From the first line to the last, repeat the data exactly and drop the pictures.
╭──
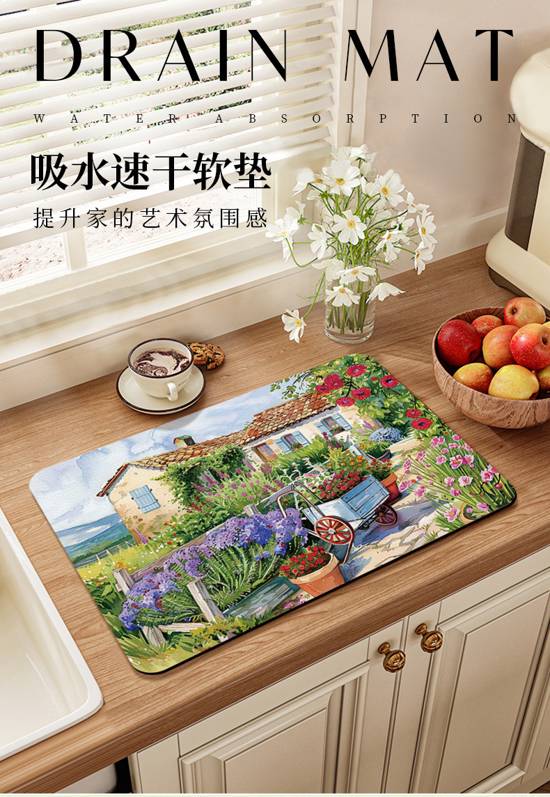 카운터 탑 흡수성 매트 디 아톰 머드 주방 배수 매트 식기 그릇 플레이트 플레이스 워터 컨트롤 매트 바 매트 데스크탑 티 매트
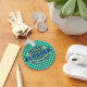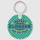 "Instant Clogger: Just Add Music." This cute keychain design for clog dancers features an oval-shaped banner in shades of green, blue and white with music notes and stripes. The background is blue-green with white polka dots. It's a pretty key chain for the clog dancing fan. See variations and more original clogging designs at our ClogDance shop link!
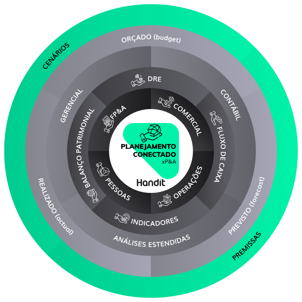 A Handit é uma plataforma brasileira de EPM (Enterprise Performance Management) que integra planejamento, orçamento, forecast, análises de desempenho e reporting em um só ambiente colaborativo e conectado ao ERP.
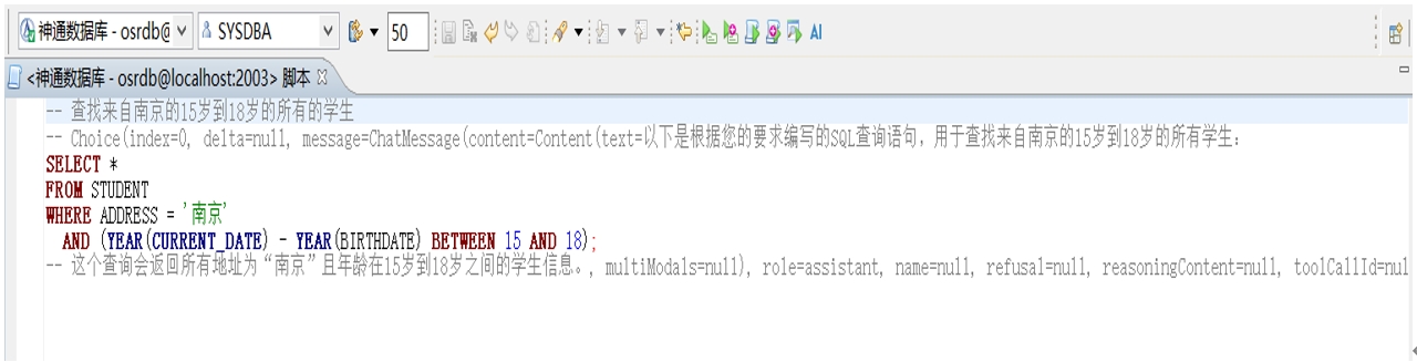为进一步赋能企业高效利用数据资源,神通数据库的DBStudio工具中引入了DeepSeek能力改写了原有的AI智能补全功能,使用者能够以对话的便捷方式,将自然语言无缝转化为SQL及复杂查询语句,这一功能彻底扭转了以往数据库交互依赖专业编码的局面,升级为“全民对话”的模式,大大降低了企业数据驱动能力的技术门槛。
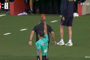 比赛补时阶段,弗里克不满裁判,两黄变一红被罚下!
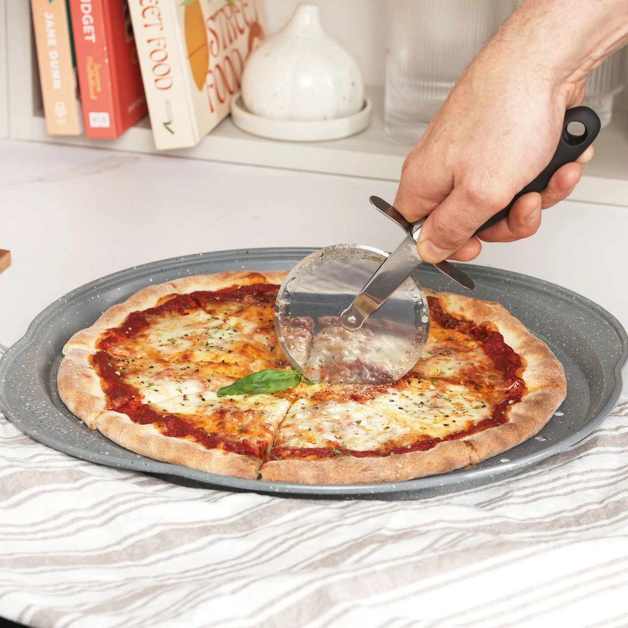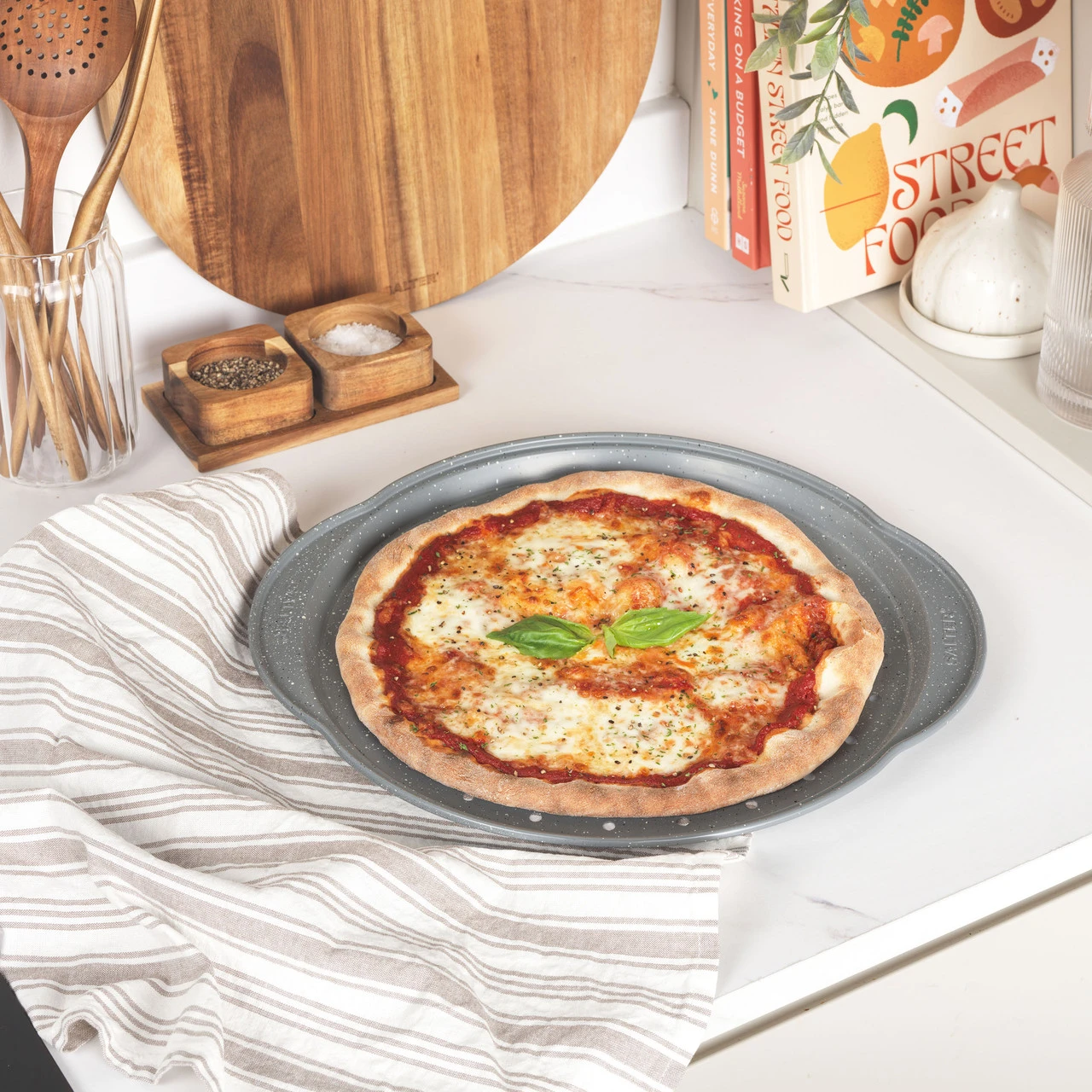 - Offering long-lasting quality, this Salter Marblestone 37 cm pizza tray is perfect for cooking delicious pizza and crispy garlic bread.
╰──
• **Worked solution**:
 카운터 탑 흡수성 매트 디 아톰 머드 주방 배수 매트 식기 그릇 플레이트 플레이스 워터 컨트롤 매트 바 매트 데스크탑 티 매트
 "Instant Clogger: Just Add Music." This cute keychain design for clog dancers features an oval-shaped banner in shades of green, blue and white with music notes and stripes. The background is blue-green with white polka dots. It's a pretty key chain for the clog dancing fan. See variations and more original clogging designs at our ClogDance shop link!
 A Handit é uma plataforma brasileira de EPM (Enterprise Performance Management) que integra planejamento, orçamento, forecast, análises de desempenho e reporting em um só ambiente colaborativo e conectado ao ERP.
为进一步赋能企业高效利用数据资源,神通数据库的DBStudio工具中引入了DeepSeek能力改写了原有的AI智能补全功能,使用者能够以对话的便捷方式,将自然语言无缝转化为SQL及复杂查询语句,这一功能彻底扭转了以往数据库交互依赖专业编码的局面,升级为“全民对话”的模式,大大降低了企业数据驱动能力的技术门槛。
 比赛补时阶段,弗里克不满裁判,两黄变一红被罚下!
 - Offering long-lasting quality, this Salter Marblestone 37 cm pizza tray is perfect for cooking delicious pizza and crispy garlic bread.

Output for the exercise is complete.